# Price check on Traynor Bass Master Mark II...



## StevieMac (Mar 4, 2006)

Howdy folks. I'm hoping to get some input on the approximate value of a '72 Traynor Bass Master Mark II head (YBA-1A) and circa '70 2x15 cab (YT-15). Both appear to be completely original and in excellent functional & cosmetic condition (I've checked them out). 

The reason for this request is that my non-musician friend recently inherited the head & cab but has absolutely no use for it and simply wants to sell at a "fair" price. I told him I'd ask here first, check around, and possibly even broker a deal if there's interest. So...any ideas on a reasonable asking price? I'm also quite certain it'd require pickup in Kingston...likely no shipping. Anyway, I'm hoping some members can help him out.


----------



## StevieMac (Mar 4, 2006)

Last two on fleabay (head only) apparently went for $350-$400 US but I don't know how much stock to place in just one indicator. Only other 2 I've seen were on kijiji and were head & cabs for $750 & $895 respectively. Seems awfully high to me! Any other thoughts?

Steve


----------



## soldierscry (Jan 20, 2008)

I say a bassmaster head at L&M for 450 a few months back. Last time I bought one I paid 200 for the head and 2x15 cab, I've kicked myself for selling it.


----------



## StevieMac (Mar 4, 2006)

soldierscry said:


> I say a bassmaster head at L&M for 450 a few months back. Last time I bought one I paid 200 for the head and 2x15 cab, I've kicked myself for selling it.


That L&M price doesn't seem _un_reasonable. Out of curiousity...how long ago was it that you purchased a head & cab for $200?


----------



## sesroh (Sep 5, 2006)

my friend recently (last year-ish) got a 69 YBA-1 and matching 410 for $600. I'm thinking 400-500 for the head only and a couple hundred for the cabinet if it's in good shape.


----------



## StevieMac (Mar 4, 2006)

sesroh said:


> my friend recently (last year-ish) got a 69 YBA-1 and matching 410 for $600. I'm thinking 400-500 for the head only and a couple hundred for the cabinet if it's in good shape.

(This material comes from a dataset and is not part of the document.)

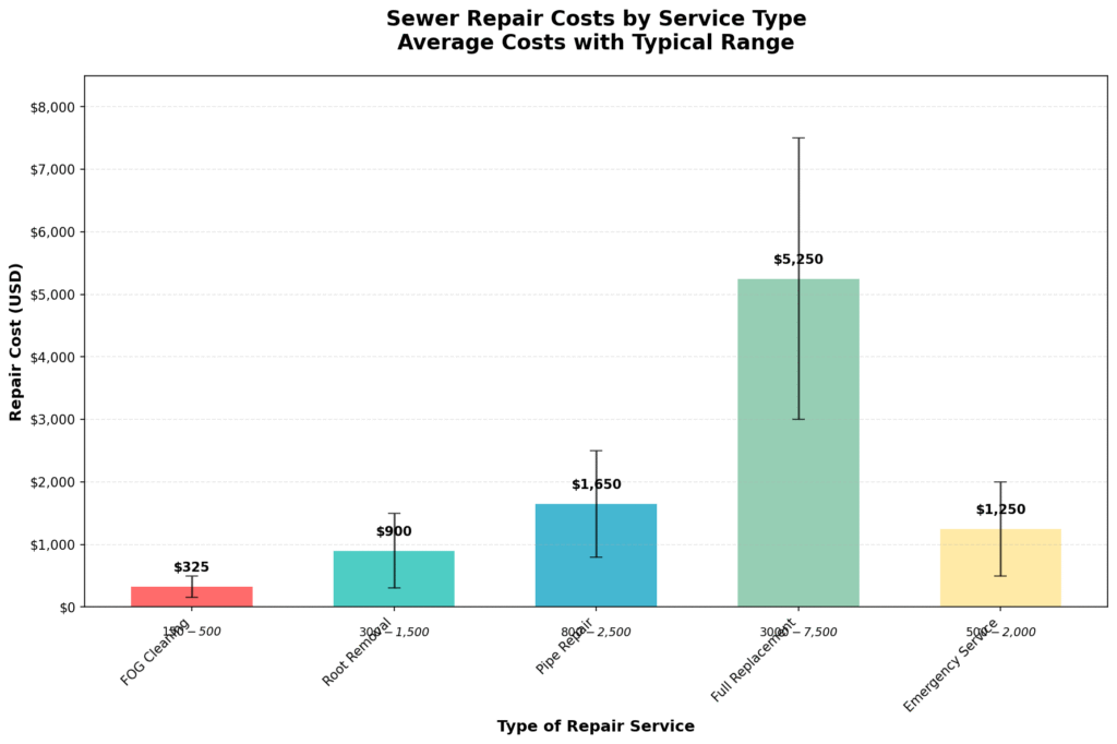 Repair Type,Average Cost,Min Cost,Max Cost FOG Cleaning,325,150,500 Root Removal,900,300,1500 Pipe Repair,1650,800,2500 Full Replacement,5250,3000,7500 Emergency Service,1250,500,2000

There are differences between the YBA-1 and 1A that might affect pricing....sort of Bassman vs Plexi based circuits from what I understand. The head I'm referring to looks just like this:











Thanks for the input though...very helpful. In any case, I reckon he'll prefer to sell head & cab together since, as I said, he has no use for either and to simplify unloading the gear. I'll see if there's any more thinking on this matter. Maybe someone here can grab it at a decent price.


----------



## Rabbit (Oct 9, 2007)

Hi! the only difference between the YBA-1 and the YBA-1A is power and a cooling fan.Standard Bassmaster was about 45 watts and the Mark 2 (YBA-1A) was 90 watts RMS. Dont expect it to be twice as loud though, just a little more headroom.The fact that it has a cooling fan is a big plus... my 68 YBA-1A still has its original Mullard built Philips 6CA7 tubes ,thanks in no small part to proper cooling.The YT-15 cabinet was well built and good sounding for Bass and guitar.Lots of people say the original Marsland speakers are crap but I always thought they had a pretty nice sound.Anyways since I,ve been collecting vintage Traynors the price for them has started to shoot through the roof so tell your friend not to shoot too low on his price.( the " its only a Traynor" line dosn't work very often anymore for me) If the stuff is in good ,clean working state then $ 1000.00 ( $ 700.00 Head - $ 300.00 Cabinet would be in my eyes pretty close to what they asking and getting for similar rigs in Ontario these days . Hope this helps a bit Rabbit


----------



## soldierscry (Jan 20, 2008)

StevieMac said:


> That L&M price doesn't seem _un_reasonable. Out of curiousity...how long ago was it that you purchased a head & cab for $200?


It wasn't that long ago 2001 or 2002.


----------



## StevieMac (Mar 4, 2006)

soldierscry said:


> It wasn't that long ago 2001 or 2002.


Based on the other responses, it sounds like things have changed considerably since then. It was 7 or 8 years ago after all and I don't recall seeing _any_ of these Traynor heads for $200 recently. At the same time, $1000 seems _really_ high to me.

I'm inclined to suggest he offer up the pair (initially to forum members only) for $500 OBO. Not sure what he'll do so keep an eye out in the For Sale section in case he asks me to list it.


----------



## soldierscry (Jan 20, 2008)

i'd be very interested, but thinks shipping would cost alot


----------



## StevieMac (Mar 4, 2006)

soldierscry said:


> i'd be very interested, but thinks shipping would cost alot


Honestly, I don't think it'd make much sense to ship the cab..it's _heavy_. I suspect he'll insist on keeping it local or limiting it to "pickup only" in any event.


----------



## sesroh (Sep 5, 2006)

1000 is too high indeed....


----------